IN THE UNITED STATES DISTRICT COURT FOR THE EASTERN DISTRICT OF PENNSYLVANIA
November 5, 2009
THOMAS C. BINDER, PLAINTIFF,
PPL SERVICES CORP., DEFENDANT
The opinion of the court was delivered by: Henry S. Perkin United States Magistrate Judge
This matter is before the Court on Defendant PPL Services Corporation's Motion for Summary Judgment filed July 24, 2009. Plaintiff's Memorandum of Law in Opposition to Defendant PPL Services Corp.'s Motion for Summary Judgment was filed August 17, 2009. With leave of Court, PPL Services Corporation's Reply Brief in Support of Motion for Summary Judgment was filed September 1, 2009. Plaintiff's Clarifying Memorandum of Law in Opposition to Defendant PPL Services Corp.'s Motion for Summary Judgment was filed October 21, 2009. On October 21, 2009, the Court held a telephone conference call with counsel for both parties on the record regarding Defendant's motion. Following the conference, on October 27, 2009, Defendant PPL's Supplemental Memorandum of Law in Further Support of Motion for Summary Judgment was filed. Plaintiff Thomas C. Binder's Supplemental Memorandum of Law in Opposition to PPL's Motion for Summary Judgment was filed October 28, 2009. Having reviewed and considered the contentions of the parties as well as the argument during the telephone conference call on the record, the Court is prepared to rule on this matter.

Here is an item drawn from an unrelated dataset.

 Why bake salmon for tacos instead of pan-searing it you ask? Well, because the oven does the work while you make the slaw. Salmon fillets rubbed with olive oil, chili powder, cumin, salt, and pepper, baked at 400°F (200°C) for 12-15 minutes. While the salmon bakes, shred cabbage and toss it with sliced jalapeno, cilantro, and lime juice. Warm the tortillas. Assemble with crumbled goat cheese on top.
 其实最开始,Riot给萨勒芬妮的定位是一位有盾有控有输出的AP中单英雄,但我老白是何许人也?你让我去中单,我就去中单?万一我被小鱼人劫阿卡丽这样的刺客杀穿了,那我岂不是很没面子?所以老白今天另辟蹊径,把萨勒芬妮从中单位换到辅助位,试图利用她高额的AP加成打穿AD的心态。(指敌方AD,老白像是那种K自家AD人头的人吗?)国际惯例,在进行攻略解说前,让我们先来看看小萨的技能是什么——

On July 7, 2006 Plaintiff Thomas C. Binder ("Binder") initiated this matter by filing a Complaint against Defendant PPL Services Corporation ("PPL").*fn1 On September 28, 2006, Binder filed a two-count First Amended Complaint. On September 18, 2007, PPL filed its answer to the Amended Complaint.*fn2
Count I of Binder's First Amended Complaint asserts a federal law cause of action pursuant to Title I of the Americans with Disabilities Act of 1990 ("ADA")*fn3 and a pendent state law cause of action pursuant to the Pennsylvania Human Relations Act ("PHRA").*fn4 Count II asserts retaliation in violation of the ADA and the PHRA.

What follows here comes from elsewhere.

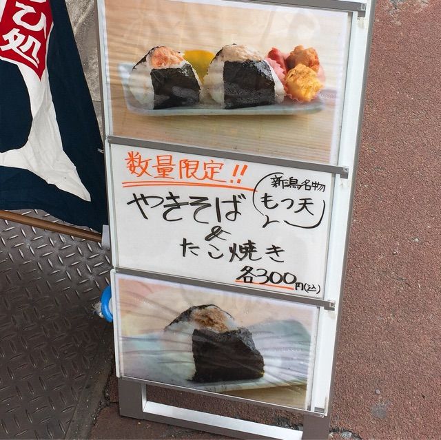 焼きそばやたこ焼きは、もはやおにぎり屋さんのアイデンティティがないな、というツッコミは野暮だからしませんが、ここで気になる文言は「新潟名物もつ天」です。なにそれ。モツの天ぷら? 食べたことないな。

As noted below, the pertinent facts upon which the ruling on this summary judgment motion was based were derived from the record papers, exhibits, depositions, concessions of the parties in their briefs and during argument on the record, and Defendant PPL Services Corp.'s Statement of Material Facts filed July 24, 2009.
By Amended Rule 16 Status Conference Order of the undersigned dated March 24, 2009, any party in this litigation filing a motion for summary judgment was required to file a brief, together with "a separate, short and concise statement of the material facts, in numbered paragraphs, as to which the moving party contends there is no genuine issue to be tried." See Docket No. 48. The concise statement of facts was required to be supported by citations to the record.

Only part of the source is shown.